GTK 3 thoughts
by havoc
Chris Blizzard said it
struck him at GUADEC that there were two very different initiatives,
desktop and mobile, happening in the GNOME community.
Miguel’s
post on GTK+ 3.0 reminded me of Chris’s comment.
In the mobile world GTK+ is not quite ideal, and GTK+ based platforms
are in the early-to-mid stages, not the highly-mature stage. I bet
GTK+ needs a lot of evolution to be what it could be in non-desktop
contexts.
For the Linux desktop, GTK+ should be kept stable and mature, while
for new opportunities, perhaps not.
In a post last
month I argued that evolution was appropriate for the Linux
desktop, while revolution was appropriate for new ideas and
categories of product.

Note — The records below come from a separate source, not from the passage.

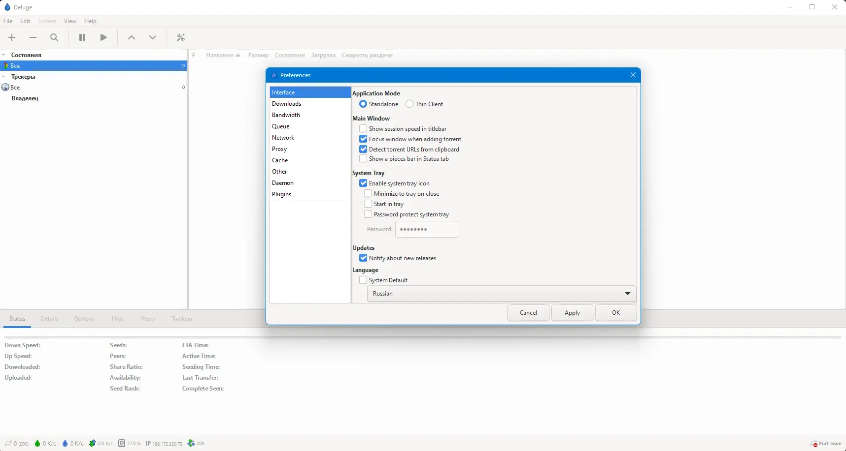 Deluge работает как в автономном режиме, так и по принципу клиент-сервер, что делает его удобным для использования на домашних и удалённых машинах.
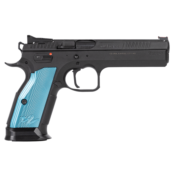 The cz tactical sport has now evolved into the ts 2.Mimicking the slide profile of the shadow 2, reciprocating weight is focused as low as possible.Paired with a redesigned frame and improved ergonomics, muzzle flip is less noticeable than ever.Front and rear cocking serrations make slide manipulation easy and a set of fixed target sights with a fiber optic front.Aluminum grips, aggressive checkering and a magwell cap it off.The ts 2 will accept a wide variety of custom parts available for the tactical sport platform.
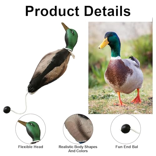 [Dove decoys for hunting]: Dead Duck Dummy’s dangling head mimics a dead duck shot out of the air, providing a realistic training experience for your hunting dog. This feature attracts your pup, making training more engaging and effective.
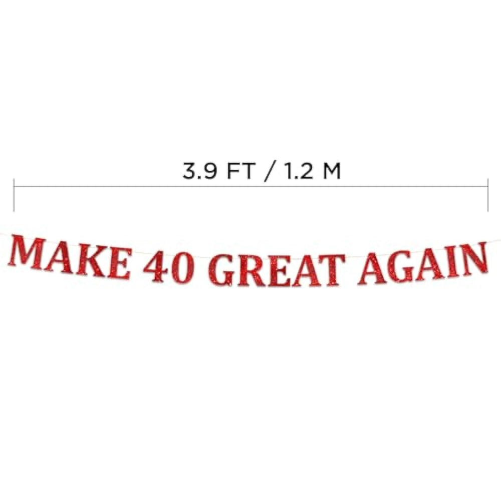 | Banner Comes Pre-Strung | | Make 40 Great Again! The Beautiful, Red Glitter Accents Matches The High Quality Lettering And Will Definitely Catch The Attention Of Your Loved Ones. . | | So Many Uses: Use It For A 40Th Birthday, Anniversary, Or Retirement Party! This Banner Is Sturdy But Not Heavy And Meant To Be Reused. | | Size: Banner Is Petite And Measures Approximately 3 Feet. First Great Above A Dessert Table Or Fireplace Mantle. | |
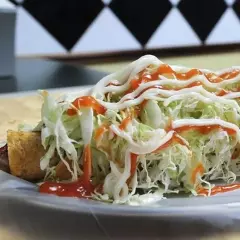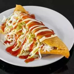 2 tortillas tostadas, frijoles molidos, lechuga, pico de gallo, salsa queso, salsa tomate y mayonesa.
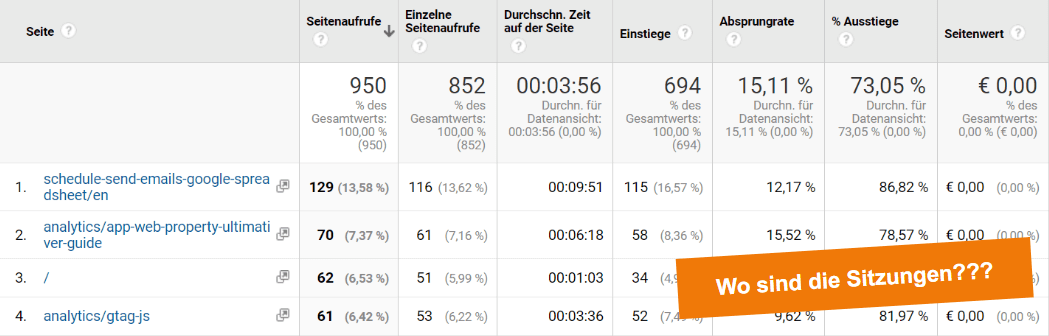 Das fällt spätestens dann auf, wenn du analysieren möchtest wie oft Seite X Teil einer Sitzung war, die Metrik „Sitzungen“ jedoch im Seiten-Report unter Verhalten → Websitecontent → Alle Seiten garnicht nicht vorhanden ist:
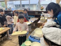 はじめての給食。メニューは「ポークカレーライス、コーンサラダ、ヨーグルト、牛乳」...
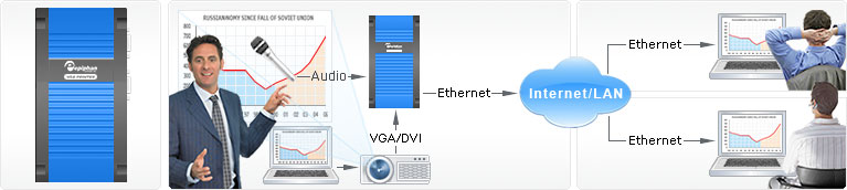 一旦您使用了能夠捕捉視頻/音頻信號,并且可通過網絡播送的設備,您就能從視頻會議中受益。攝像機通過信號輸出連接到廣播設備,麥克風插入廣播設備的音頻端口。您的工作伙伴打開Web瀏覽器,您們都連接至互聯網并開始通信。廣播設備準確地傳送,這確保看安全和低成本的通信的視頻和音頻數據流。 Epiphan VGA Broadcaster可用于這些目的,并可與任何操作系統兼容。這個溝通過程可能沒有您使用昂貴的獨立系統時那樣順暢,但顯然這個廣播解決方案是真正的物有所值。它使傳統視頻會議設備的終端用戶能獲得多個優勢。
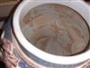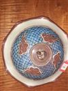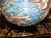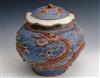 CHINESE UNDERGLAZE BLUE AND RUST RED GLOBULAR PORCELAIN JAR WITH HIGH RELIEF. 20th century. Applied writhing dragon decoration. Lift cover with undulating edge. H: 14 in. D: 14 in.Estimate $300-500
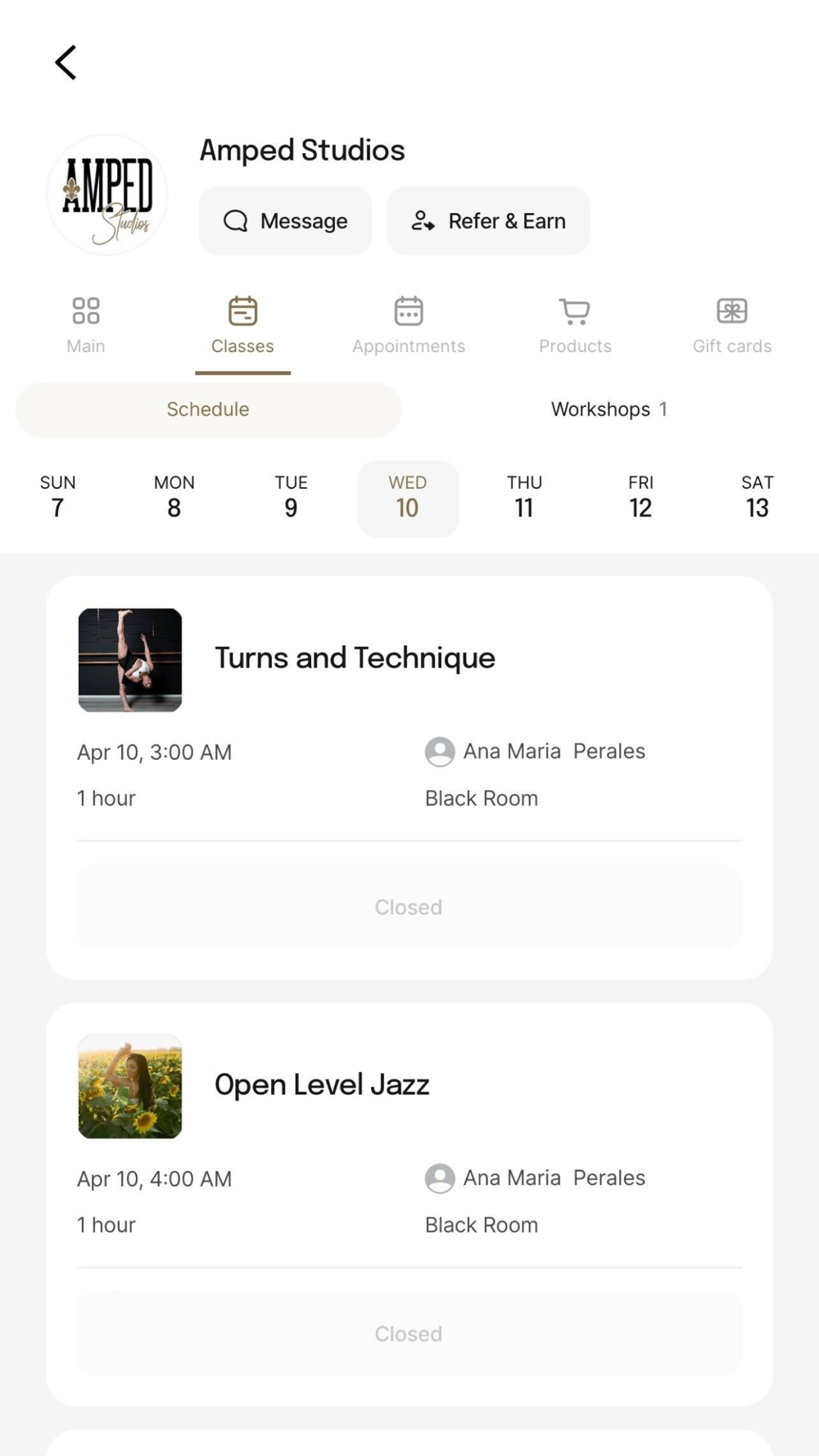 The Amped Studios app makes it very easy for you to manage your Amped Studios account, book into our classes and events and keep in touch with us. You can easily message us if you have a question or want to share something with them. You can also follow our public feed to see any announcements we make, promos we run, or content we share.
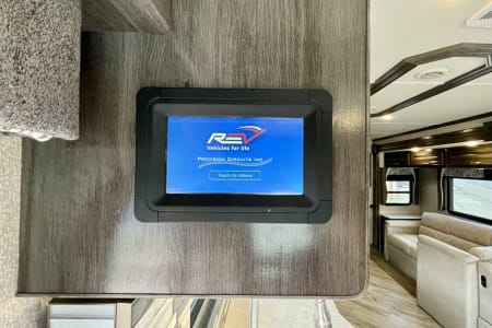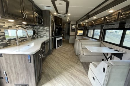 Outside, you’ll find multiple power awnings equipped with snow and debris shields for added durability and protection in all seasons. Enjoy entertainment inside and out with multiple LED TVs, including a built-in exterior screen for those perfect campfire movie nights.

But what if GTK+ is part of both?
Two new directions people are working on: 1) GTK+ as an improved
cross-platform desktop toolkit, and 2) GNOME technologies refactored into
a mobile platform.
Thought: in the GTK+ 3.0 discussion, discuss how GTK+ can
address both these new directions and the traditional Linux
desktop, without screwing anybody.
Thought #2: as with any project, GTK+ will be driven by whoever is
doing the work. And as with most big projects (Mozilla, Linux, GTK+
itself historically), clusters of developers with funding will be able
to do a lot of work. Most of the work today seems to be funded by the
non-Linux-desktop developers (who have some significant-to-them
revenue stream attached to GTK+), not by the desktop Linux
distributions (who can’t connect GTK+ work to revenue in a compelling
way). If the Linux desktop developers can’t find revenue, and can’t
muster significant volunteer resources, they are going to have less
and less influence – that’s how open source works.
2.x forever?
GTK+ needs an ability to evolve, which means a 3.0. Another way to say
it: new toolkits should not have to start from scratch, they should be
based on existing GTK+ code. Because 3.0 would be parallel-installable, it’s
a new toolkit in the GTK+ tradition, but not the same library. It does
not replace 2.x in an operating system install.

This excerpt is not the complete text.